1 Diving into Programming

Computer science (CS) education at schools is supposed to “introduce the fundamental concepts of computer science” (CSTA, [1]) and foster computational thinking [2], which includes abstraction, modeling, problem solving and creating algorithms using formal language. In contrast to information technology (IT) education, computer science education is not just about using digital tools but about designing software [1]. Programming (the skill of writing a program to a given task) is considered as a new literacy [3] and an important part of general education, since it is creative, constructive and precise [4].

Programming is a problem solving activity and implies a transfer of knowledge to new scenarios. Among other cognitive operations [5], transfer in problem solving requires recognition (of an analogue problem or a well known general pattern), abstraction (finding general structures by focusing the important aspects), mapping (relating familiar concepts to a new scenario), flexibility (in applying a general pattern on a special scenario) and embedment (combining elements to a whole program). Developing programming skills means practicing knowledge transfer by writing programs and solving similar tasks again and again. Consider this programming task:

“Last rainy day. Develop a program for which the input is 365 integers indicating the amount of rain in each day of the year; and the output is the (index of the) last rainy day.” [6].

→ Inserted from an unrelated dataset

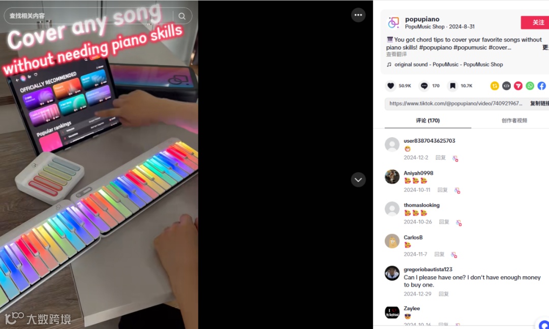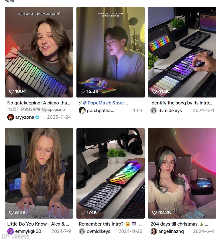 其中,一条展示智能键盘的视频在TikTok展开传播,累计播放量超160万次。视频通过极具视觉冲击力的呈现方式,展现产品核心卖点——当用户演奏时,键盘会随旋律节奏实时变换RGB灯光色彩,形成音乐与光效的完美互动。

The solution is a special variant of a general pattern, a “max computation”, in which all elements of a sequence have to be compared to a given value and a variable eventually must be updated depending on the result of this comparison. Out of 95 Israeli 11-graders, 69 (73 %) were able to solve this task without any help after one year of Java programming. [6] assume, that the others (23 %) had difficulties in flexibility and failed to customize a general pattern to the specifics of a new situation. I mention this example just to illustrate that writing a program from scratch without external help is not easy and requires a lot of training and experience. It is a competence that is developed gradually in many exercises. Typical tasks for practicing contain short and precise descriptions of pre- and post-conditions, which make it possible to check the correctness of the solution. For each concept (algorithmic patterns, language constructs) there are many variants of tasks embedded in scenarios from different domains. Diversity is important (to practise transfer-related operations) but the domains can be chosen rather arbitrarily. For practising search algorithms it does not matter, what to search – the last rainy day in a sequence of weather documents or the last phone call from Anna in a collection of telephone call metadata.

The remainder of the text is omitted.